Task details:
Where the records below show a line containing "Soal Essay Barisan", start copying; end with the line containing "4、在相机设置界面,能对连拍", and copy it too.

Data for analysis:

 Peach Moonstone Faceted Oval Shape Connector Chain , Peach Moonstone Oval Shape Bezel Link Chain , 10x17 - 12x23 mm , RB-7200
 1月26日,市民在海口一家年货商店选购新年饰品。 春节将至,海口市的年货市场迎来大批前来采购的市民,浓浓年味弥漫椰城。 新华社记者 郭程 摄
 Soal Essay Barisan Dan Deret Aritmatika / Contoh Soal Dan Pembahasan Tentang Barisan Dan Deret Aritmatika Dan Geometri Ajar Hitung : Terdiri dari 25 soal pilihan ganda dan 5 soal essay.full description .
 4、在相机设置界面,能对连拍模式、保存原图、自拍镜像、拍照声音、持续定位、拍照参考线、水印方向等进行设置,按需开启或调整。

---

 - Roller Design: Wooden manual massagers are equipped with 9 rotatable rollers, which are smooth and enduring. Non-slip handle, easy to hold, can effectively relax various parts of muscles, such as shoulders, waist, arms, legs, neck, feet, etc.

Solution:
 Soal Essay Barisan Dan Deret Aritmatika / Contoh Soal Dan Pembahasan Tentang Barisan Dan Deret Aritmatika Dan Geometri Ajar Hitung : Terdiri dari 25 soal pilihan ganda dan 5 soal essay.full description .
 4、在相机设置界面,能对连拍模式、保存原图、自拍镜像、拍照声音、持续定位、拍照参考线、水印方向等进行设置,按需开启或调整。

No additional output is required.